Cataract is the most the common cause of avoidable blindness worldwide and in Indian subcontinent.1
Vision 2020: the right to sight initiative is supported by the world bank for the elimination of avoidable blindness. Persistence of barriers like cost, distance, lack of awareness, and health care priorities.2 Mass camps conducted in the field for screening and surgery carried out at base hospital is the acceptable model to reduce intraoperative and postoperative complications.3
We aimed to see the prevalence of cataract surgery in this area and its comparison in terms of delivery of quality service with base hospital surgeries.
Materials and Methods
We conducted a retrospective hospital record-based cross-sectional observational study. We analyzed the records of patients operated in camps and records of patients detected to have a cataract in the hospital outpatient department from 2010-2019. Approval from Institutional Scientific and Ethical committee was obtained. This study adhered to the tenets of the declaration of Helsinki.

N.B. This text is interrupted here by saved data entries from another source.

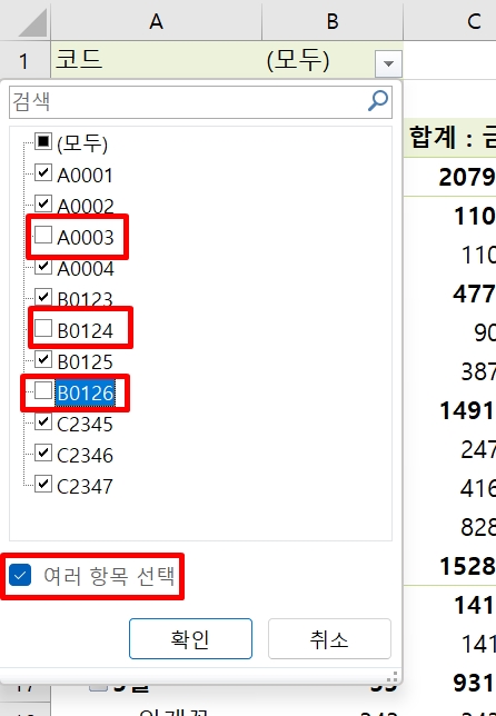 엑셀 피벗테이블 그룹 지정 해제 필터 적용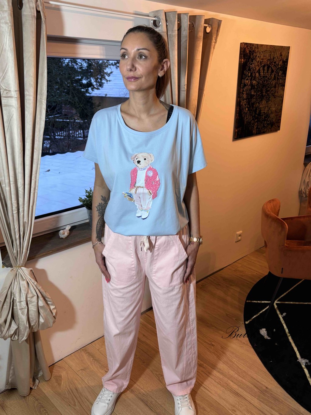 Krásné, bavlněné kalhoty z kvalitního materiálu (teplákovina). V pase mají gumu a dvě velké přední kapsy.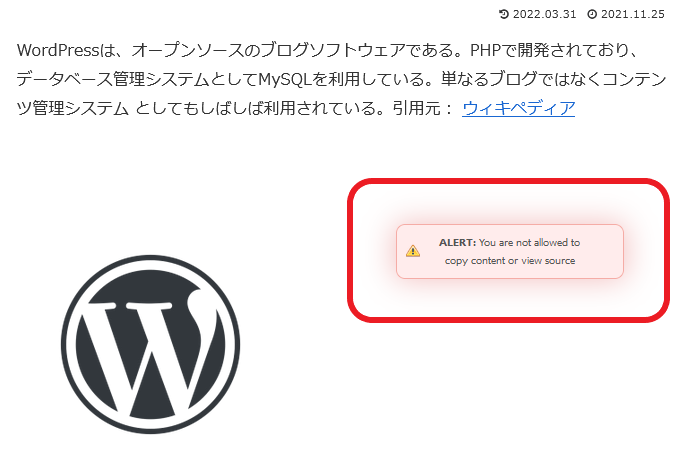 | 選択無効のメッセージ | ・Content is protected !! |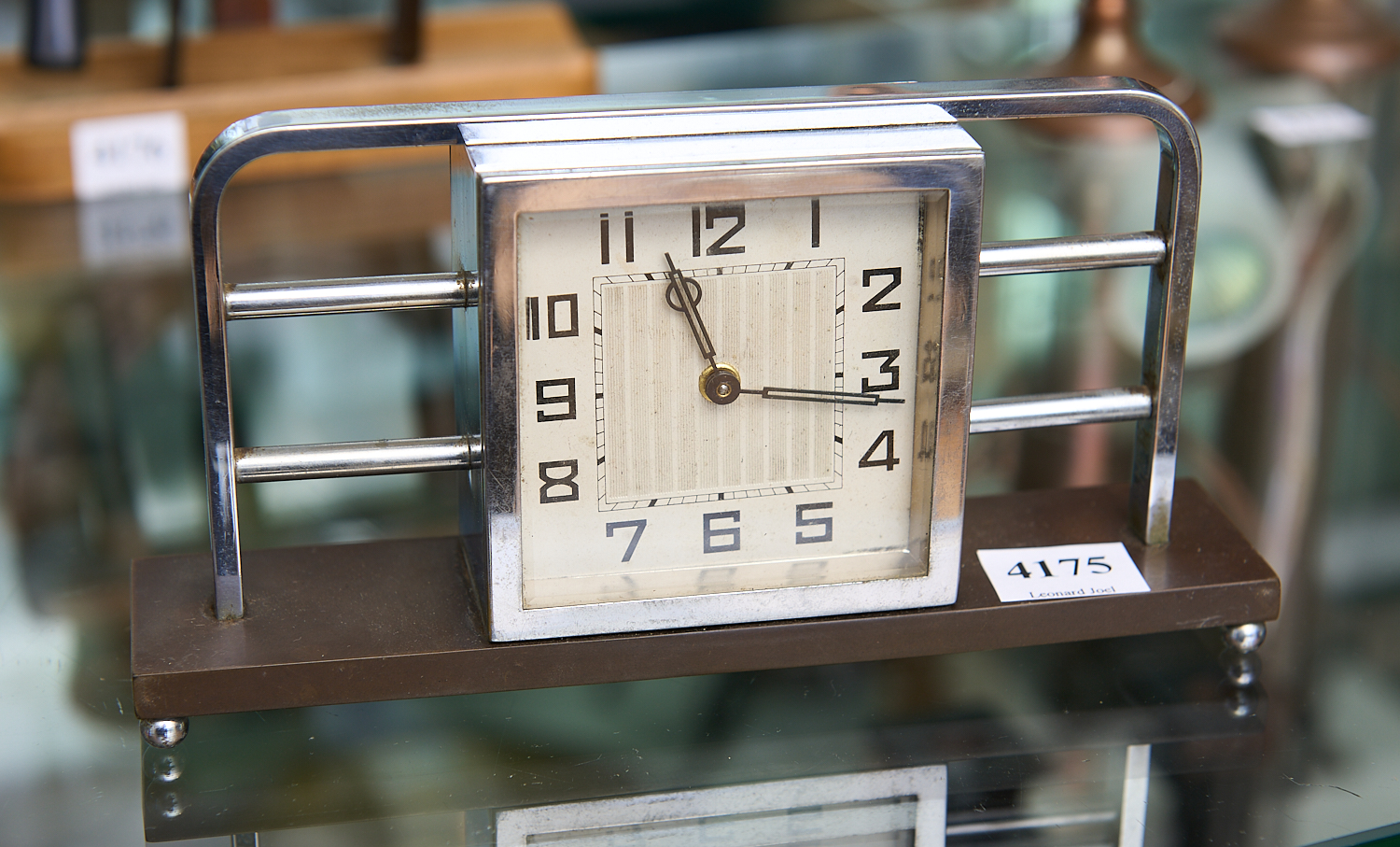 AN ART DECO CHROME AND BAKELITE DESK CLOCK (A/F MISSING ONE BALL FOOT) W.18.5CM, LEONARD JOEL LOCAL DELIVERY SIZE: SMALL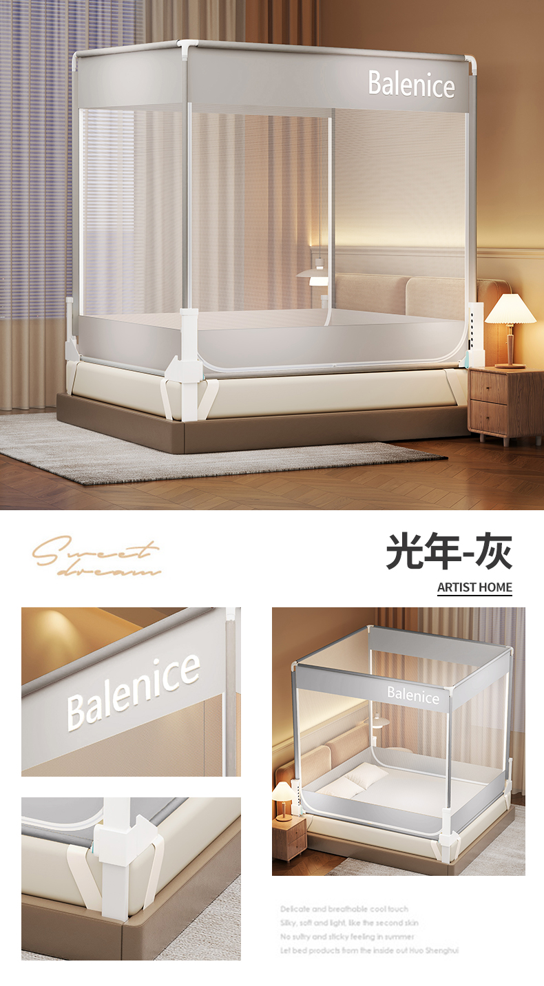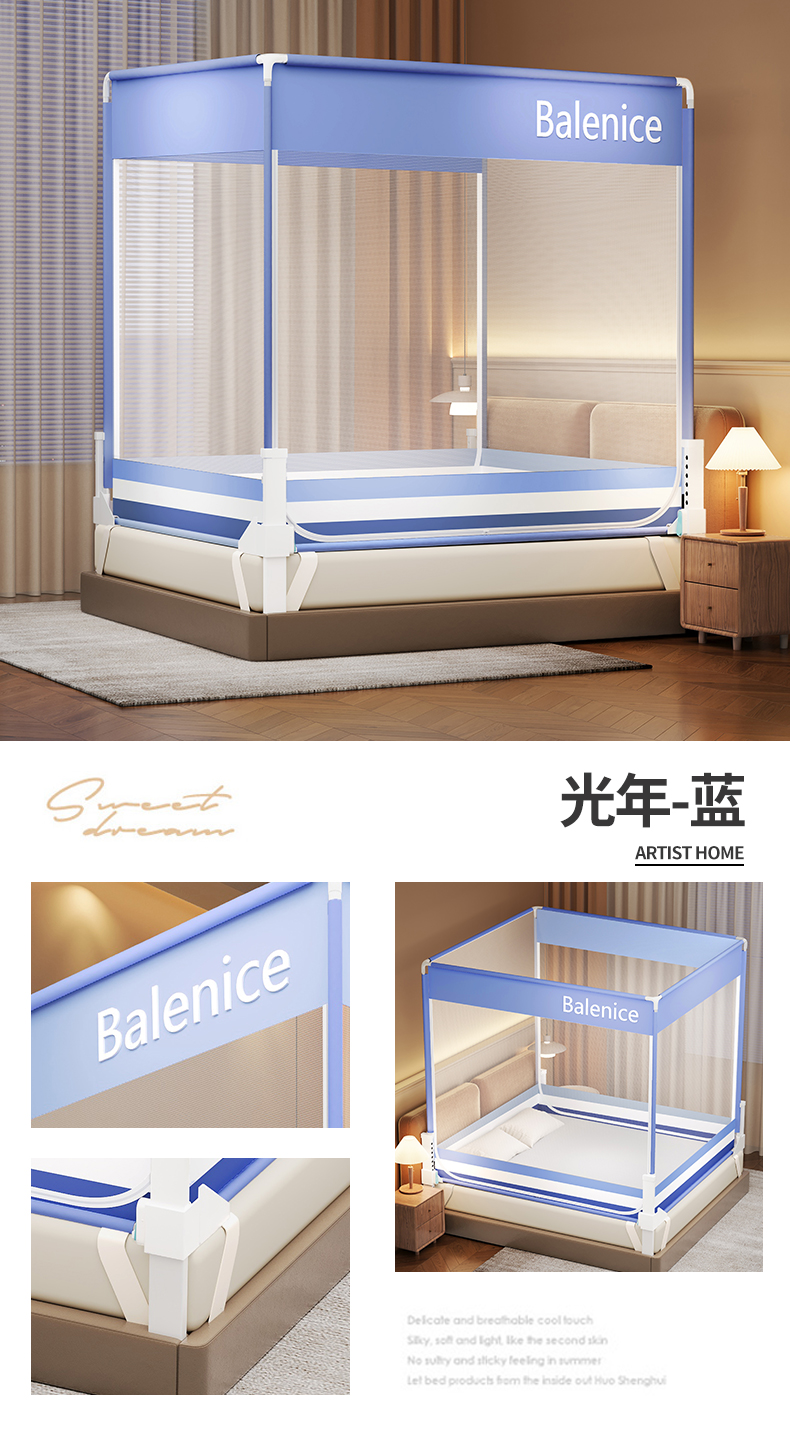 当前位置: 91家纺网 > 商品网购 > 床上用品 > 蚊帐 > 坐床式蚊帐 > 佳梦家纺 2026春夏新款护栏级防摔坐床蚊帐光年系列 光年-粉-三门全底款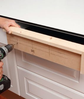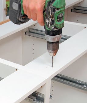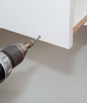 Først borer vi hull til skruene i topplaten. Antall og plassering fremgår av monteringsveiledningen. Her borer vi hull med maksimalt 60 cm avstand langs forkanten og bakkanten av skapet.
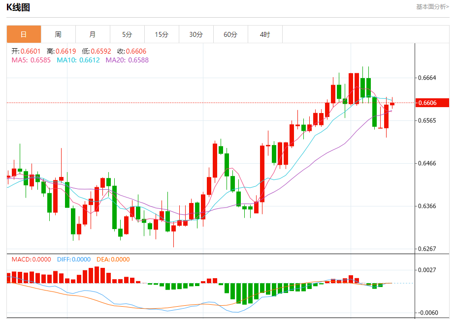 今天的预期交易区间在0.6570支撑和0.6670阻力之间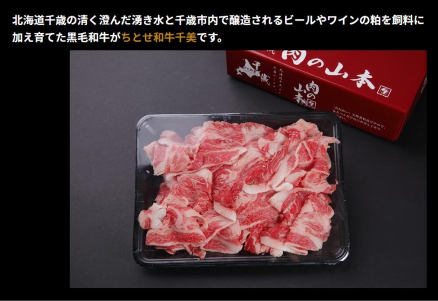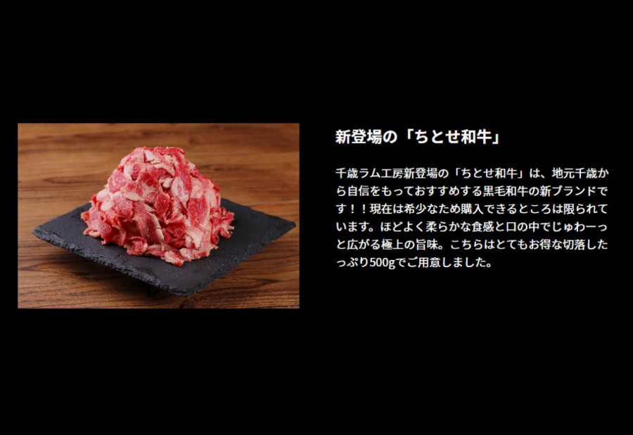 本品は、地元千歳の新ブランド「ちとせ和牛千美(ちとせわぎゅうせんび)」の切り落とし肉500gです。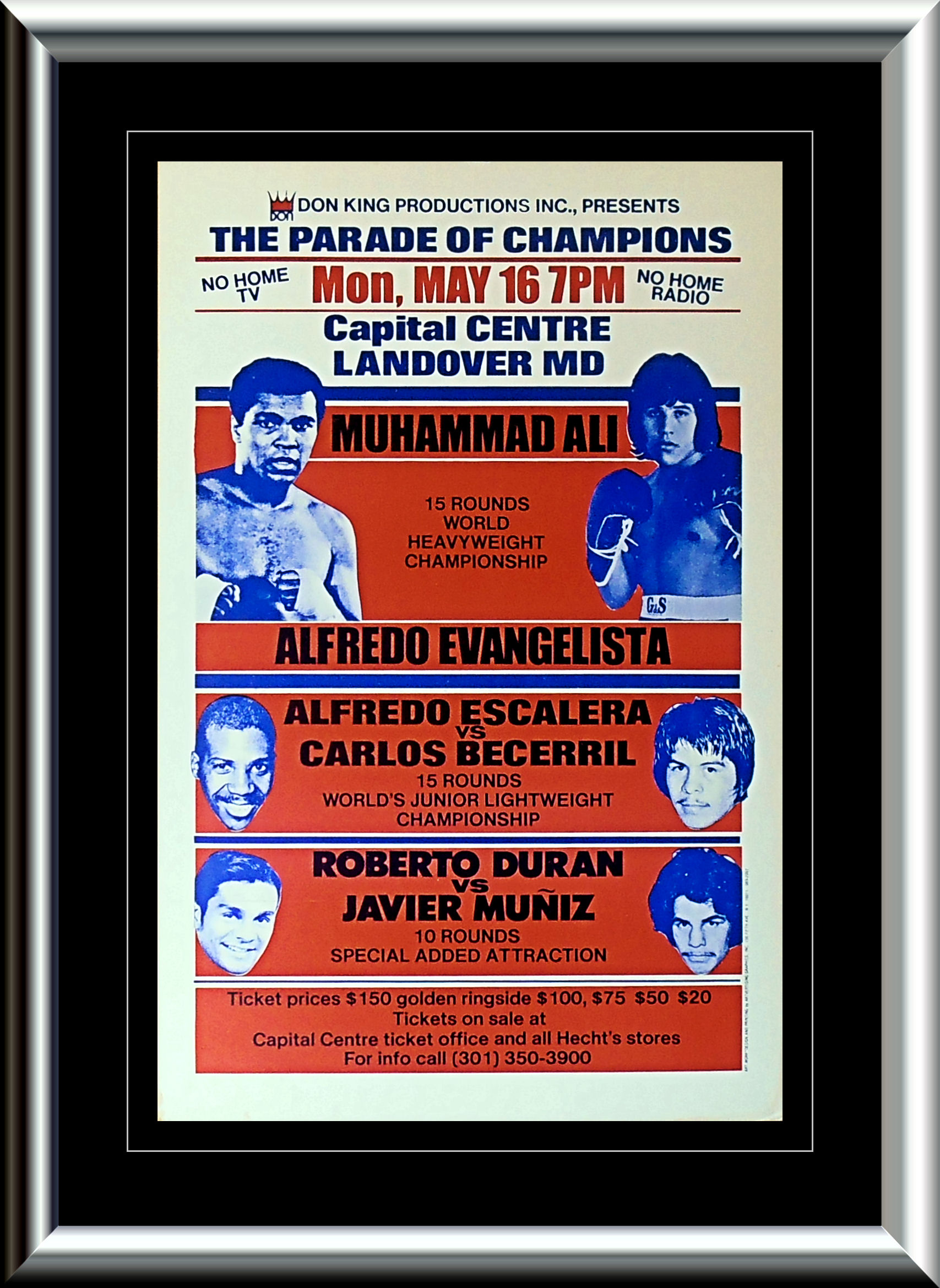 Description : Here we have an original Vintage 1977 onsite poster presented by Don King Productions for the World Heavyweight Championship fight between Muhammad Ali & Alfredo "The Lynx of Montevideo" Evangelista.
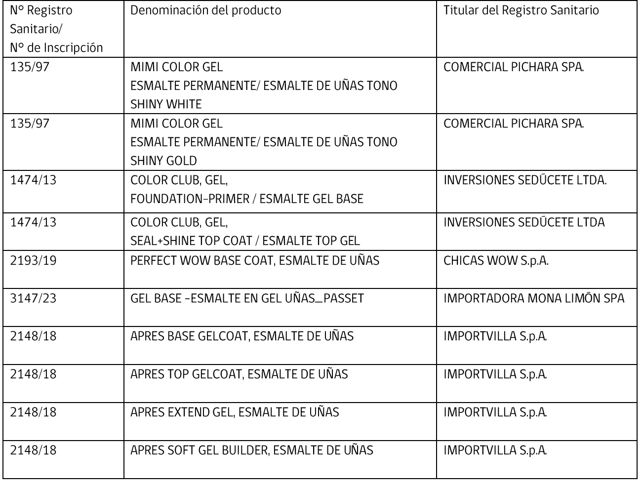 ISP ordena retiro del mercado de 10 pinta uñas de reconocida marca por contener sustancia tóxica prohibida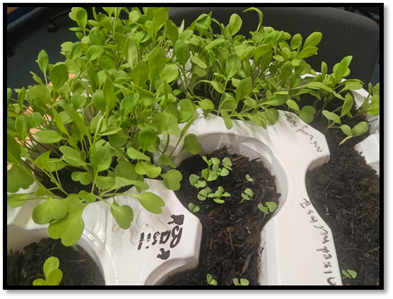Eco-Committee Gardening update We have a range of seeds that have been planted and growing in a greenhouse for the past 6 weeks. Now they have sprouted into seedlings. We enjoyed giving our parents the opportunity to see the seedlings before they are planted in our school garden.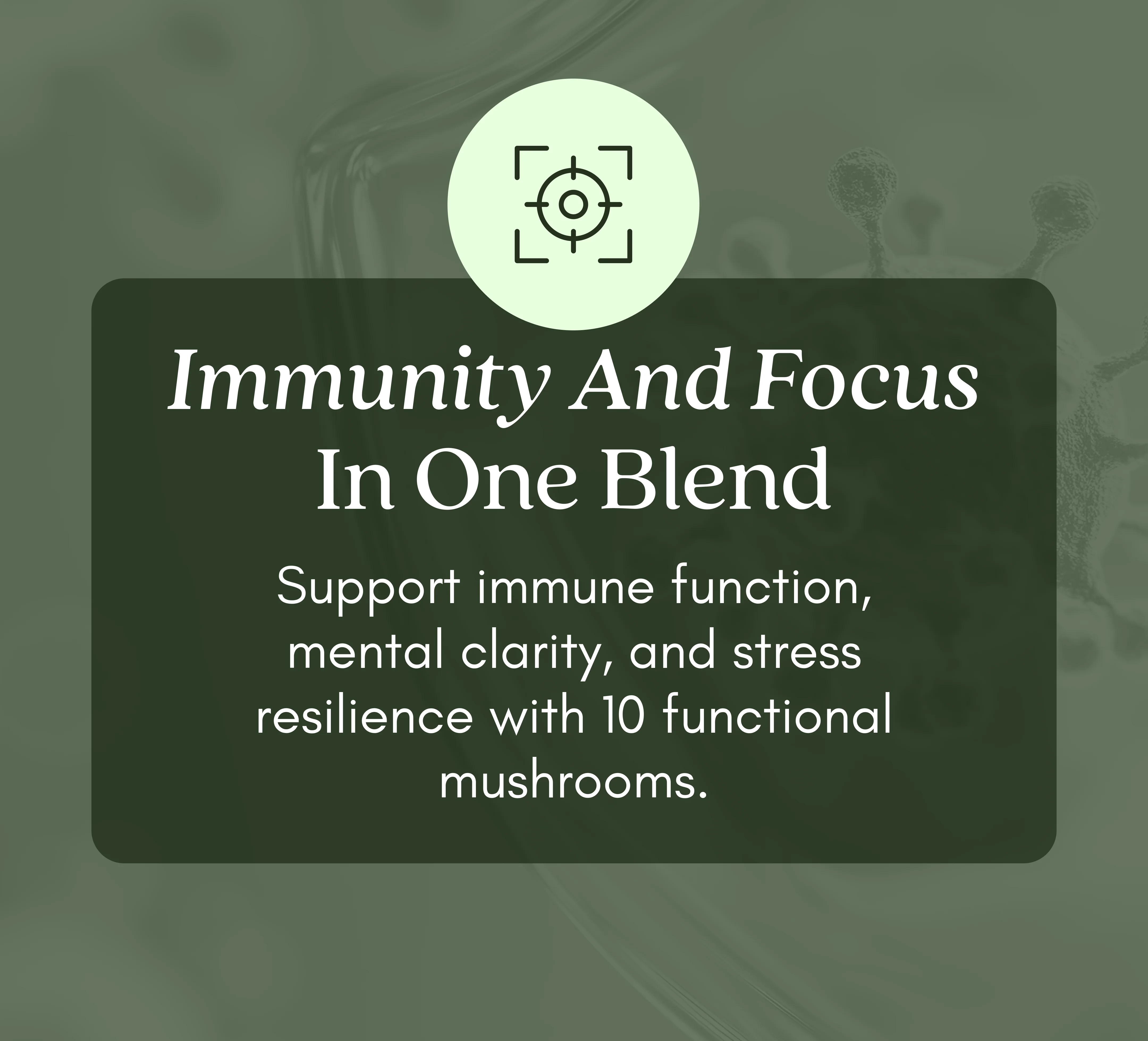 Immune support, mental clarity, stress resilience, 10 mushrooms in one blend.

We conducted 219 outreach camps in 10 years under DBCS in and around Dharwad, Gadag, and Haveri districts in Karnataka, India. During outreach camp, we go to a specified rural area, screen the patients. Patients detected to have a cataract, were dilated for distant direct Ophthalmoscopy to grade the cataract and fundus examination. Blood pressure and Urine sugar testing were also done at the campsite. Patients having a gross retinal problem or known uncontrolled systemic disease were referred to the higher center.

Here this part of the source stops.